━━ Source material
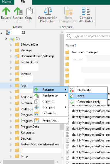 Geri getirmek istediğimiz bir klasörü sağ tıklayıp “Restore” seçeneğinde “Keep” i seçerek mevcut bulunan dosyanın yanına farklı bir dosya ismi ile geri getirmektedir.
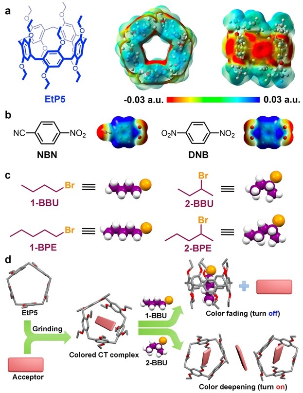 为解决以上问题,近日吉林大学杨英威课题组通过重建(开启)和破坏(关闭)乙基柱[5]芳烃(EtP5)和缺电子芳香客体(包括4-硝基苯甲腈(NBN)和1,4-二硝基苯(DNB))之间的CT相互作用构筑得到一类亚稳态的开关型汽致变色共晶材料。研究发现,无色的EtP5粉末可直接通过研磨的方法与NBN(无色)和DNB(棕色)在固相状态下相结合形成亚稳态的CT复合物(EtP5-NBN和EtP5-DNB)。由于分子间电荷转移相互作用的存在,EtP5-NBN和EtP5-DNB粉末分别呈现淡黄色和橙红色。有趣的是,当吸附1-溴丁烷(1-BBU)和1-溴戊烷(1-BPE)的蒸汽时,这些粉末中的CT相互作用会被破坏,并伴随颜色的褪去,而在暴露于2-溴丁烷(2-BBU)和2-溴戊烷(2-BPE)的蒸汽后,这些粉末的颜色会明显加深,整体呈现出开关式的汽致变色现象。单晶和粉末X射线衍射分析表明,颜色褪去和加深分别归因于1-溴代烷异构体的竞争性主客体结合,以及2-溴代烷异构体引发的固相分子运动(晶相重构)以形成高度有序的D-A结构,其中EtP5的动态分子间相互作用和选择性分子识别在决定组装体CT状态和所得晶相中分子的排列与堆积方面起着关键作用。
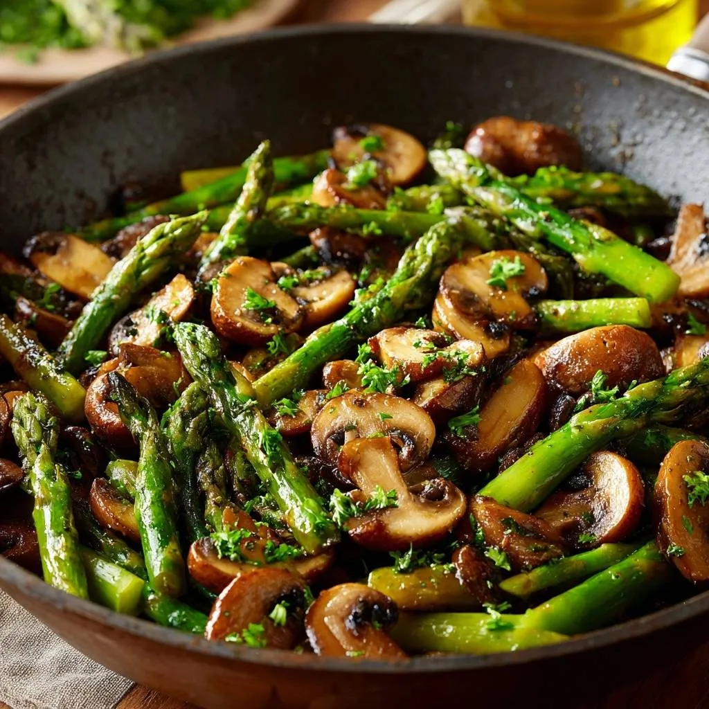 The process is divided into three distinct stages: the mushroom sear, the asparagus snap, and the aromatic finish. By staggering the entry of the ingredients, you respect the different cooking times of each vegetable, ensuring nothing ends up overcooked or under-seasoned.
━━━━
**Task brief**
Only the lines from the one containing "为解决以上问题,近日吉林大学" through the end of the listing above should be reproduced, exactly as they stand. Leave the pictures out.

**Expected answer**
 为解决以上问题,近日吉林大学杨英威课题组通过重建(开启)和破坏(关闭)乙基柱[5]芳烃(EtP5)和缺电子芳香客体(包括4-硝基苯甲腈(NBN)和1,4-二硝基苯(DNB))之间的CT相互作用构筑得到一类亚稳态的开关型汽致变色共晶材料。研究发现,无色的EtP5粉末可直接通过研磨的方法与NBN(无色)和DNB(棕色)在固相状态下相结合形成亚稳态的CT复合物(EtP5-NBN和EtP5-DNB)。由于分子间电荷转移相互作用的存在,EtP5-NBN和EtP5-DNB粉末分别呈现淡黄色和橙红色。有趣的是,当吸附1-溴丁烷(1-BBU)和1-溴戊烷(1-BPE)的蒸汽时,这些粉末中的CT相互作用会被破坏,并伴随颜色的褪去,而在暴露于2-溴丁烷(2-BBU)和2-溴戊烷(2-BPE)的蒸汽后,这些粉末的颜色会明显加深,整体呈现出开关式的汽致变色现象。单晶和粉末X射线衍射分析表明,颜色褪去和加深分别归因于1-溴代烷异构体的竞争性主客体结合,以及2-溴代烷异构体引发的固相分子运动(晶相重构)以形成高度有序的D-A结构,其中EtP5的动态分子间相互作用和选择性分子识别在决定组装体CT状态和所得晶相中分子的排列与堆积方面起着关键作用。
 The process is divided into three distinct stages: the mushroom sear, the asparagus snap, and the aromatic finish. By staggering the entry of the ingredients, you respect the different cooking times of each vegetable, ensuring nothing ends up overcooked or under-seasoned.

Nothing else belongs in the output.